• _Exercise brief_: Write out the line with "F64Z1870 Black Women" and every later line through the end of the data below, exactly as given, with no pictures in the copy.

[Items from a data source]
═══

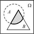 | Пересечение множеств A и B; множество точек, входящих и в А, и в B | Событие, состоящее в том, что произошло и A, и B |
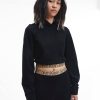 F64Z1870 Black Women Calvin Klein Cropped Drawstring Sweatshirt
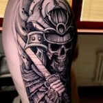 Tetování kostlivec, bojovník, mýtické bytosti, drak, maska, rukáv
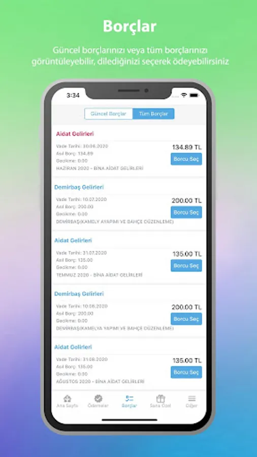 There are 2 tabs in the debts tab, current debts and all debts. The debts you need to pay are in the current debts tab, all debts processed to your current account are included in all debts. You can make payments with your credit card by choosing from current debts or all debts.
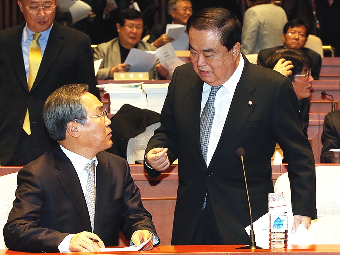 9일, 서울 여의도 국회에서 열린 새정치민주연합 의원총회에서 문희상 비대위원장(사진 오른쪽)과 우윤근 원내대표가 이야기를 나누고 있다.
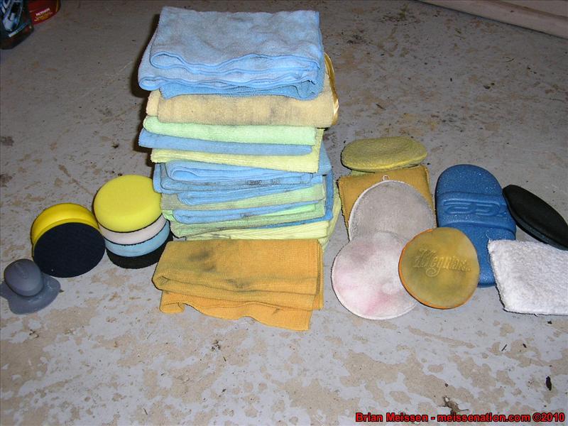 About 40 microfiber towels (I buy the 3 pack every time I buy detail stuff at Murrays or Autozone)

═══

• _Output for this task_:
 F64Z1870 Black Women Calvin Klein Cropped Drawstring Sweatshirt
 Tetování kostlivec, bojovník, mýtické bytosti, drak, maska, rukáv
 There are 2 tabs in the debts tab, current debts and all debts. The debts you need to pay are in the current debts tab, all debts processed to your current account are included in all debts. You can make payments with your credit card by choosing from current debts or all debts.
 9일, 서울 여의도 국회에서 열린 새정치민주연합 의원총회에서 문희상 비대위원장(사진 오른쪽)과 우윤근 원내대표가 이야기를 나누고 있다.
 About 40 microfiber towels (I buy the 3 pack every time I buy detail stuff at Murrays or Autozone)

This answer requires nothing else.